5:30 p.m. EST. Editor’s note: Alex Hundert was due to be bailed today but he was taken back in custody. The judge ordered additional conditions of non association with activist Harsha Walia, groups AW@L, NOII, and no expressing of political views including in the media, amongst others. Hundert has refused to sign these conditions, has declined bail, and is appealing. He was returned to jail.

Toronto – At 7:30 am this morning, activists from Environmental Justice Toronto risked arrest by walking on to the Gardiner Expressway to hang a banner saying “Free Alex Hundert,” a community activist who has been in jail since being re-arrested after speaking at a public panel at Ryerson University in mid-September.

“Alex Hundert is a strong voice for indigenous sovereignty and environmental justice. His work with AWOL in Guelph is an inspiration for all who are working to build a better world,” says Environmental Justice Toronto activist Brett Rhyno. “All charges against Alex should be dropped. These arrests, detentions, and false charges are part of a greater attempt to isolate effective and vocal community activists, and to criminalize dissent against the violent policies of the G20, policies that perpetuate environmental degradation, militarization, labour exploitation, and the theft of indigenous lands.”

Deploying the banner was in response to a national call to action from the Community Solidarity Network, which was created after the G20 mobilizations in Toronto this past June. The call was for public demonstrations to take place on Tuesday October 12, when Hundert will re-appear in court after a judge ruled he violated his conditions to not attend any public demonstrations by speaking on a public panel.
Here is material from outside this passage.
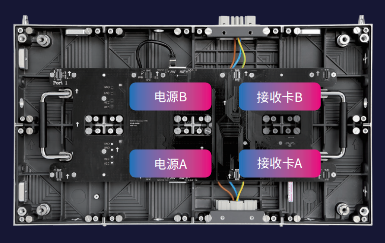 當電源A失效時,電源雙冗余供電設計可自動切換到電源B,繼續提供供電;信號接收卡雙環路備份設計則是當接收卡A發生故障時,備用接收卡B可以繼續提供影像,避免出現黑屏。雙備份設計,運行無憂,安全可靠。
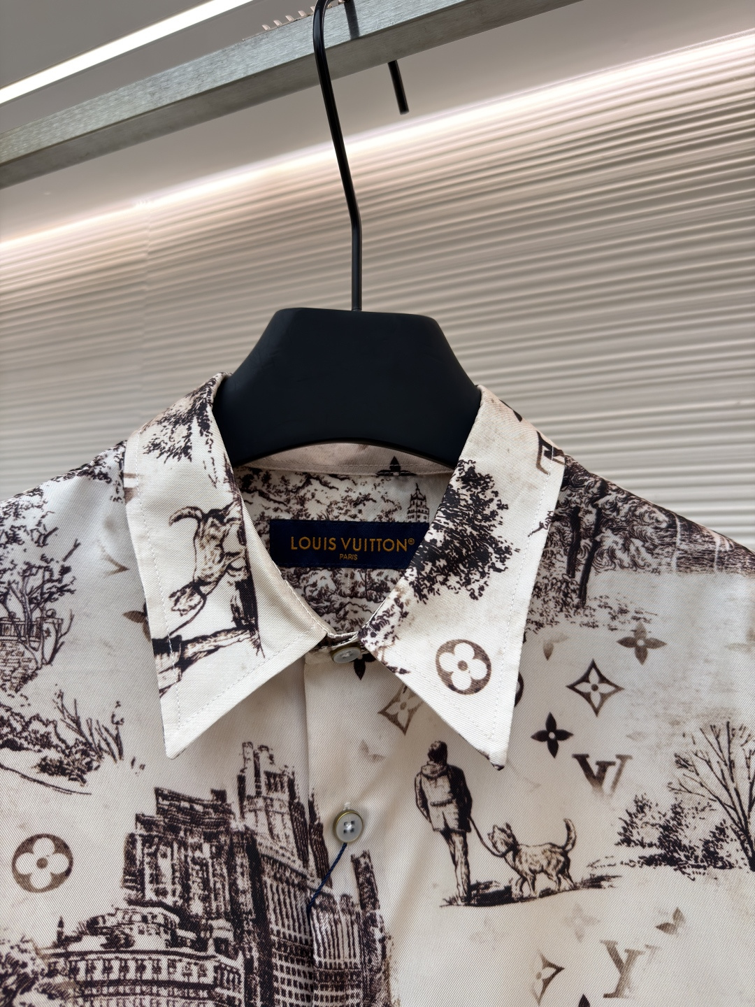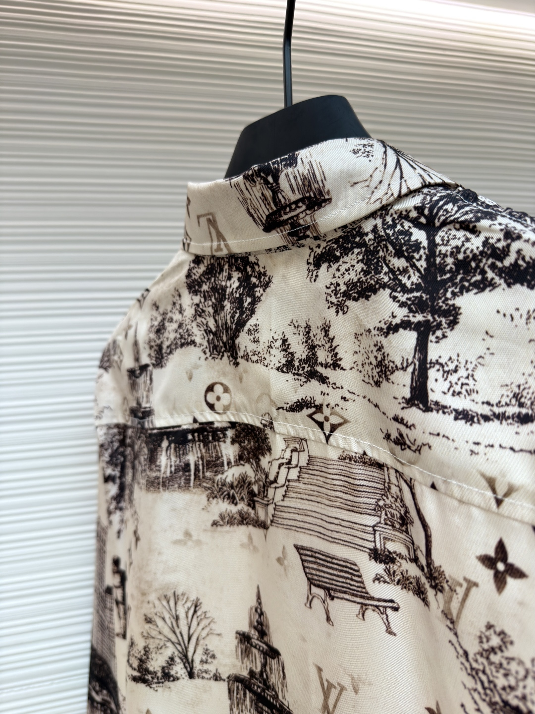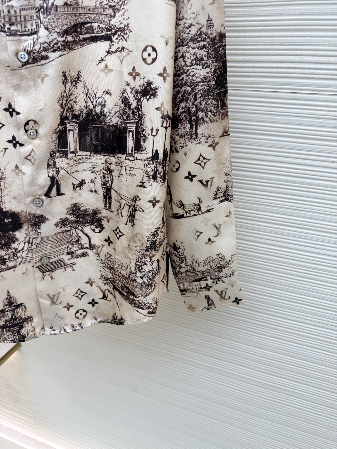 Elevate your style with this luxurious Louis Vuitton silk shirt featuring the Monogram City Walk pattern. Perfect for a sophisticated, romantic look.

October 12 is also the date of a global call for actions in support of Climate Justice, led by the Global Minga and Climate Justice Action networks.

October 12, 1492, marks the landing of Christopher Columbus on what is now known as the Americas, marking the beginning of centuries of colonialism. The extension of European greed into the Western Hemisphere globalized the exploitation of the Earth and its indigenous peoples in the endless pursuit for growth and profit. Today this translates to a neocolonial system of over-consumption, over-production, and over-extraction of the Earth’s finite natural resources.
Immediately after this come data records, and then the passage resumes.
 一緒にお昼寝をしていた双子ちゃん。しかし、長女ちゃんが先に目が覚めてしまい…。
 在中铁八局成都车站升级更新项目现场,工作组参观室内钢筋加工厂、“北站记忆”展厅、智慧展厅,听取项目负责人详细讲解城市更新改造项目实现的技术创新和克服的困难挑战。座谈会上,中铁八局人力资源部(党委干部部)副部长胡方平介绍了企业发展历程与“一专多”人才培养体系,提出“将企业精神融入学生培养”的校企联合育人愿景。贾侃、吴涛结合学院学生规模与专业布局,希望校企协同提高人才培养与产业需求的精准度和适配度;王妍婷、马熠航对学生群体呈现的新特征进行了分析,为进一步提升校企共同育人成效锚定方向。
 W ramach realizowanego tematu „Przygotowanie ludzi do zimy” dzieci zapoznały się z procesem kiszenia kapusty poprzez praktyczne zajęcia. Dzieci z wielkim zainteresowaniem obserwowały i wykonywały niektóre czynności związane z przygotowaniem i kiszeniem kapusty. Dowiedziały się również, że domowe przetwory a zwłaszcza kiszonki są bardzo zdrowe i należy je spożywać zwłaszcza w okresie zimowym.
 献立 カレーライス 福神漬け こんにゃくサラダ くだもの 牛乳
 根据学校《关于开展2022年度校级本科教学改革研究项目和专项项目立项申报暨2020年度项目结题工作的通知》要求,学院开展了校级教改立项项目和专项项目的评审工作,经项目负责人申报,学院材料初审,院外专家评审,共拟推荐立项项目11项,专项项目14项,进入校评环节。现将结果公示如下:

“Only powerful climate justice movements can achieve the structural changes that are necessary to confront the climate crisis,” says Julien Lalonde, also from EJ Toronto. “All around the world today, climate justice activists are working collectively towards ending our addiction to fossil fuels, replacing industrial agriculture with local systems of food sovereignty and self-sufficiency, halting systems based on endless growth, and addressing the historical responsibility of the global elites’ massive ecological debt to the global exploited.”

In the coming months climate justice activists hope to consolidate recent movement-building gains achieved during the G20, in the lead up to the UN climate talks in Cancun, through teach-ins, mass rallies, direct actions, and People’s Assemblies.

From our perspective, the answers lie in community empowerment, and the ongoing struggle for social, gender, economic, migrant, indigenous, and environmental justice are all connected in the defence of Mother Earth. We must continue onward to our ultimate objective until we achieve universal justice.